What is your best story?
The market (both traditional and indie) is flooded right now by writers who believe they have written their greatest achievement until their next story gets put down on paper. Some authors have reached their goal. Others have not, and they are the ones creating a vast problem.
Many authors have no idea what their best story can be because they haven’t studied the craft of storytelling. Increasingly the level for excellence has been lowered while the availability for publication has increased.
Yes, this business is a subjective one. An editor looks at a story and decides it doesn’t have what it takes. Another reviews the same manuscript, and he feel it’s the author’s breakout novel. Independent writers, so proud of their prose that they believe it can rise above the millions of other published works, place it in the market. Some readers love it. Others hate it.
How in the world is an author supposed to craft their best story in such an industry where beauty is truly in the eyes of the beholder?
I used a key word in that leading question. Did you see it?

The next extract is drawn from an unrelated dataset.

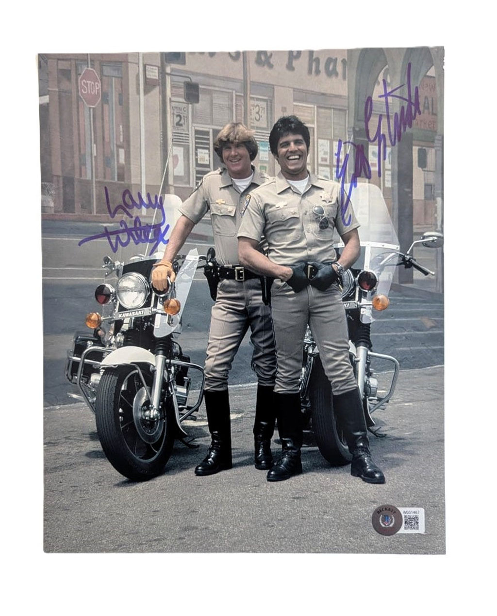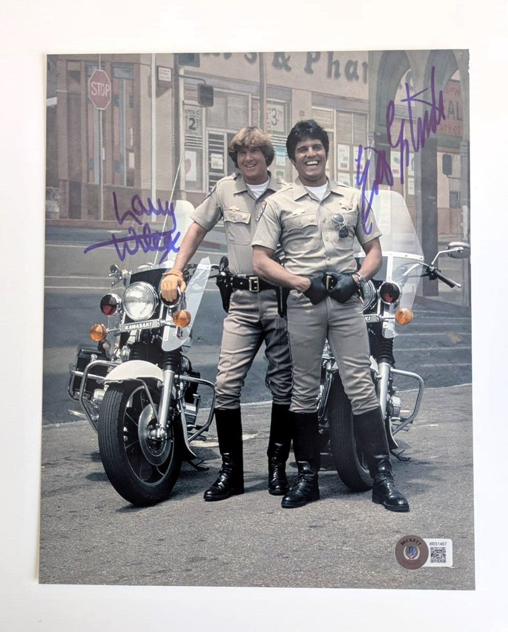 Erik Estrada y Larry Wilcox Patrulla Motorizada Fotografía Autografiada firma certificada por Beckett W051467.

Right in the middle is the word craft.
Craft is vital to storytelling. Putting a story onto paper is only the beginning. The first draft, maybe even the second draft of a story does not mean it is a finished work of art. Much like a sculptor, the author needs to chisel away words, scenes, entire chapters. In the same way a painter does, an author needs to color the prose with conflict, emotion, and vibrant pictures. These are aided by voice, by grammar, by the proper (and sometimes improper) placement of punctuation, and by style.
I’m afraid that in today’s world of publishing (in both traditional and indie), crap instead of craft is the key word. Individuals who long to be authors aren’t satisfied with rejection, even when the rejections are specific enough to help a writer begin to craft a story into a masterpiece. They do not want to take the time it takes to learn how to craft a story. They lean upon the “subjective” nature of the work. “Well, not everyone is going to like it.”
Couple the authors inattention to craft with editors (both in-house and freelance) who haven’t studied the craft of storytelling, the art of punctuation, and the refinement of grammar, and the industry has a very big problem. Horrible novels are flooding the marketplace, tainting the industry—especially the Christian publishing industry, which has had to fight this stigma from the beginning.
The beginning of the solution lies in self-editing. To do so, though, an author must learn the craft of storytelling, the art of punctuation, the refinement of grammar and using it to tell the best story ever. He or she must also learn to discern good advice from bad, to lay aside his or her bias toward a manuscript and begin to realize whose subjectivity is the best to lean upon.